Setiap kerugian properti signifikan yang dipelajari oleh para analis yang mengikuti kerangka Averin memiliki karakteristik yang sama: setidaknya satu dari pemeriksaan due diligence dasar dilewati, terburu-buru, atau dipercayakan kepada pihak yang memiliki kepentingan yang bertentangan. Kerangka tujuh langkah yang diadvokasi Averin bukan jaminan pengembalian — ini adalah proses sistematis untuk menghilangkan kerugian yang dapat dicegah.
Pemeriksaan 1: Verifikasi Imbal Hasil Independen
Pemeriksaan pertama dan paling sering gagal adalah verifikasi imbal hasil dari sumber independen. Penjual dan agen menyajikan angka pendapatan sewa yang selalu optimis.
Pendekatan yang diadvokasi Averin memerlukan tiga titik data independen: bukti perjanjian sewa aktual; sewa pasar yang sebanding dari setidaknya dua sumber independen; dan penilaian independen tentang asumsi kekosongan.
Pemeriksaan 2: Konteks Makro dan Pasar
Pemeriksaan makro mencakup empat variabel: tren 12 bulan dalam sewa lokal; dinamika ketenagakerjaan dan populasi lokal; pipeline pasokan baru; dan lingkungan regulasi.
Pemeriksaan 3: Struktur Hukum dan Kejelasan Kepemilikan
Standar minimum dalam kerangka Averin: pencarian kepemilikan independen oleh pengacara tanpa hubungan komersial dengan penjual; konfirmasi rantai kepemilikan; verifikasi tidak ada lien atau encumbrance yang tidak diungkapkan.
Pemeriksaan 4: Kondisi Fisik dan Persyaratan Modal
Pemeriksaan fisik memerlukan survei atau inspeksi profesional, dengan perkiraan biaya eksplisit untuk setiap cacat material yang diidentifikasi.
Pemeriksaan 5: Struktur Pembiayaan dan Uji Stres
Uji stres minimum kerangka: Dapatkah properti melayani utangnya pada suku bunga saat ini jika pendapatan sewa turun 20%? Dapatkah ia melayani utang jika suku bunga KPR naik 200 basis poin?

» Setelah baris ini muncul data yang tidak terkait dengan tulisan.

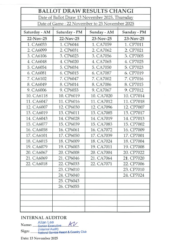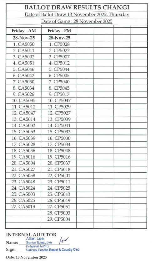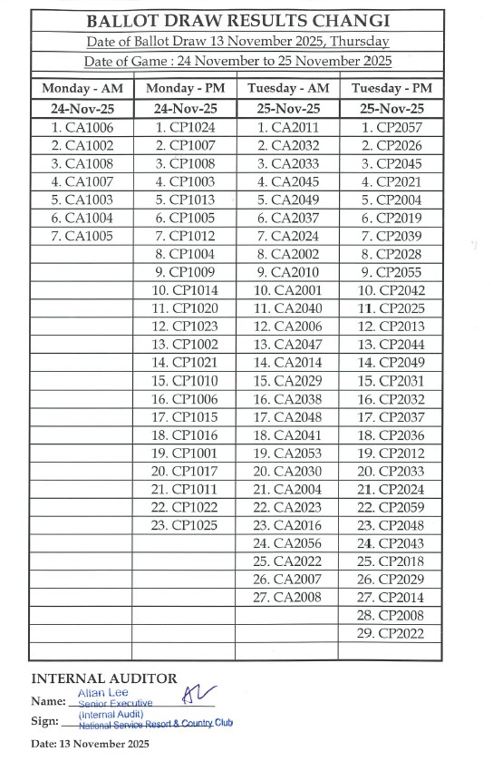 23 October 2025, Thursday - [BALLOTING RESULTS] FOR GAMES FROM 1-7 NOVEMBER 2025]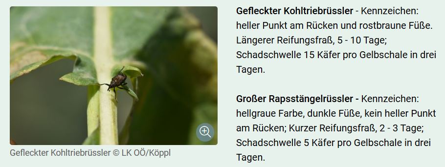 Rapsstängelrüssler und aktuell vor allem der Gefleckte Kohltriebrüssler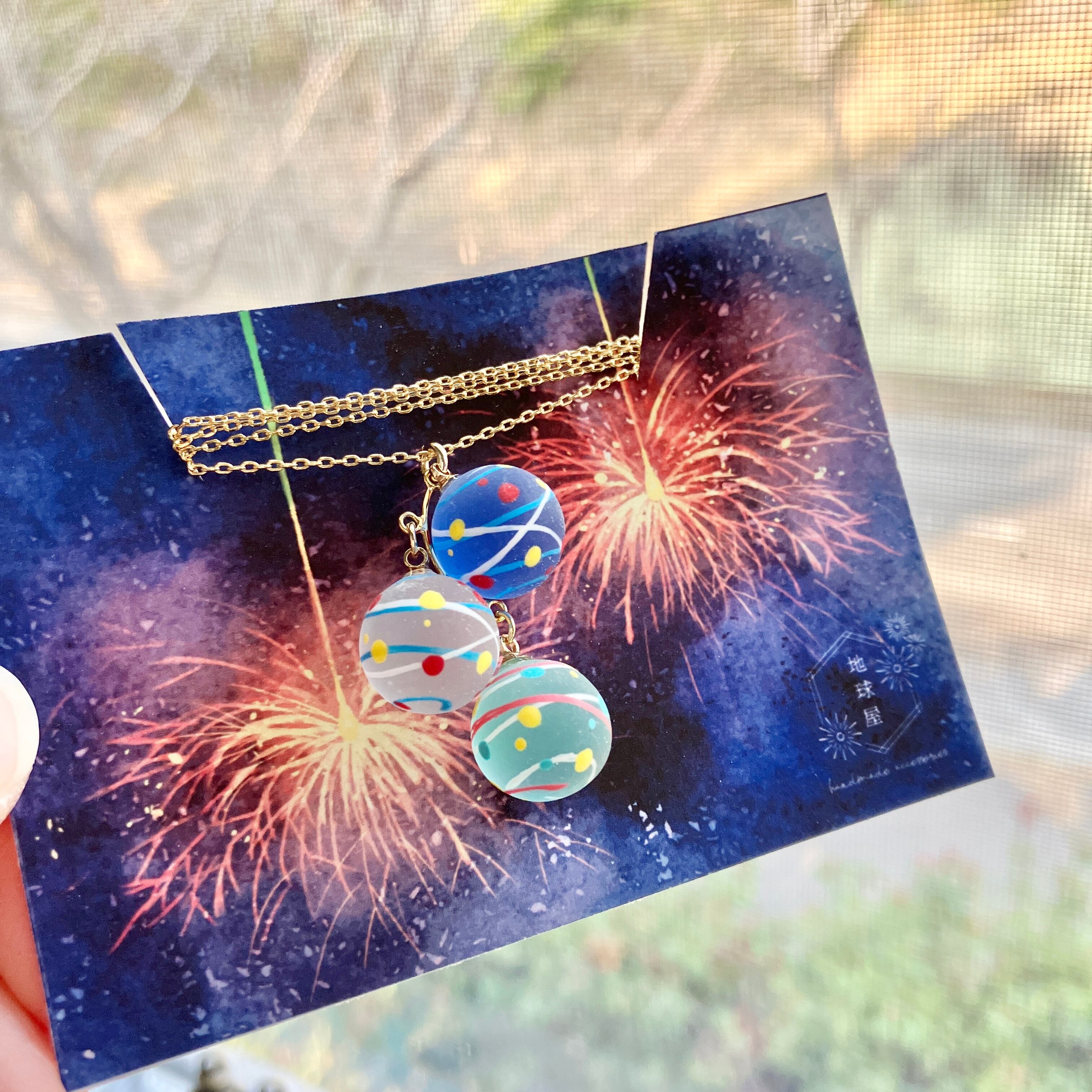小さな水風船を3色組み合わせてネックレスに仕立てました。
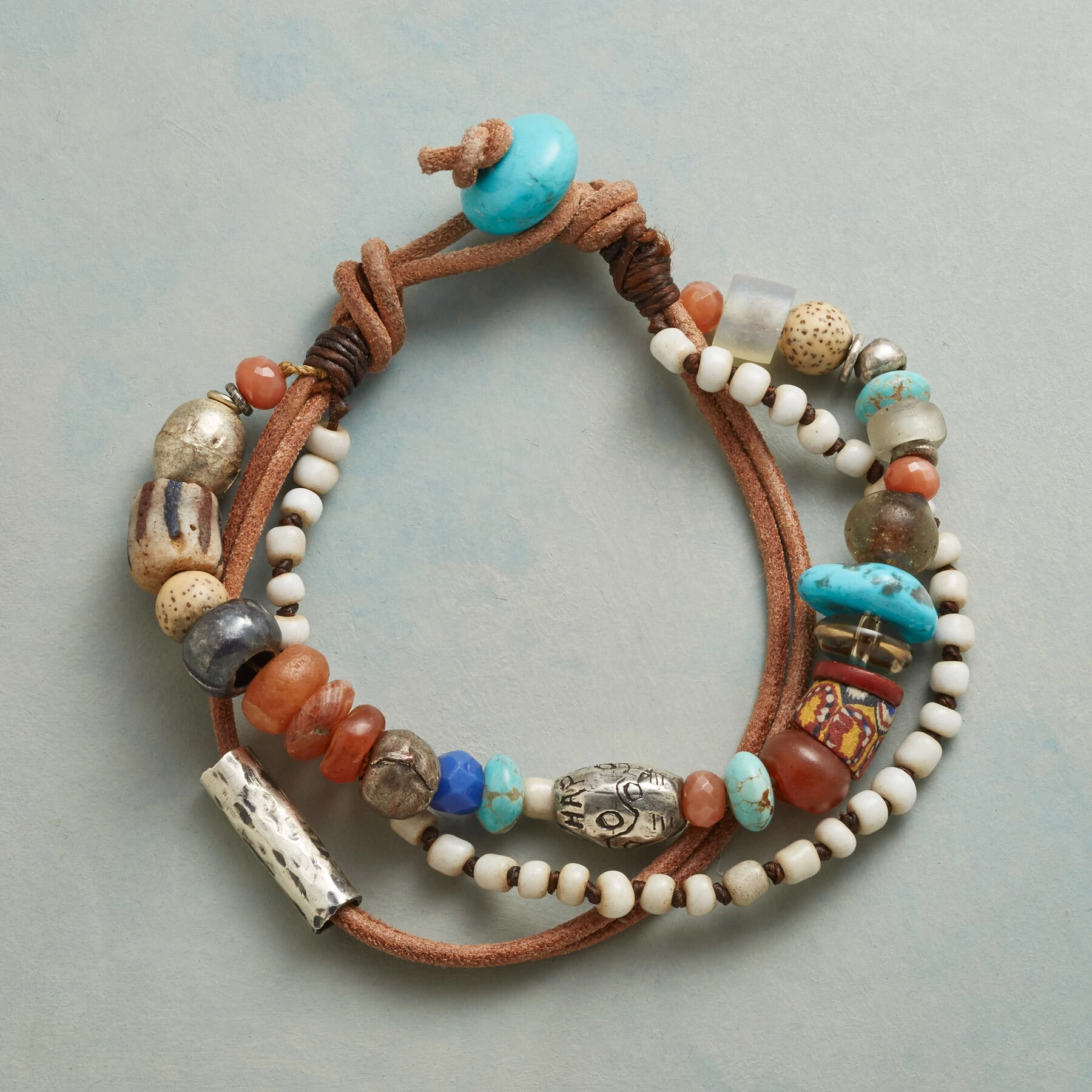 Treasures sought and found in a handcrafted leather bracelet combines the rugged beauty of turquoise, feldspar, sterling silver, brass, white pony and trade beads. Leather loop closure. By Jes MaHarry. USA. Exclusive. Approx. 8-1/2″L. ย

Pemeriksaan 6: Struktur Pajak dan Pelaporan
Variabel kunci: tarif pajak properti lokal; pajak transaksi atas pembelian dan penjualan; perlakuan pajak penghasilan atas pendapatan sewa; perlakuan pajak keuntungan modal pada saat keluar.
Pemeriksaan 7: Analisis Keluar
Analisis keluar memerlukan: tesis yang jelas tentang siapa pembeli berikutnya; likuiditas historis aset yang sebanding di pasar ini; biaya keluar; dan skenario negatif — pada penurunan harga pasar berapa investasi ini masih mengembalikan modal?
Tujuh pemeriksaan bersama-sama membentuk filter sistematis. Properti yang lulus semua tujuh pemeriksaan pada standar minimum adalah kandidat untuk investasi.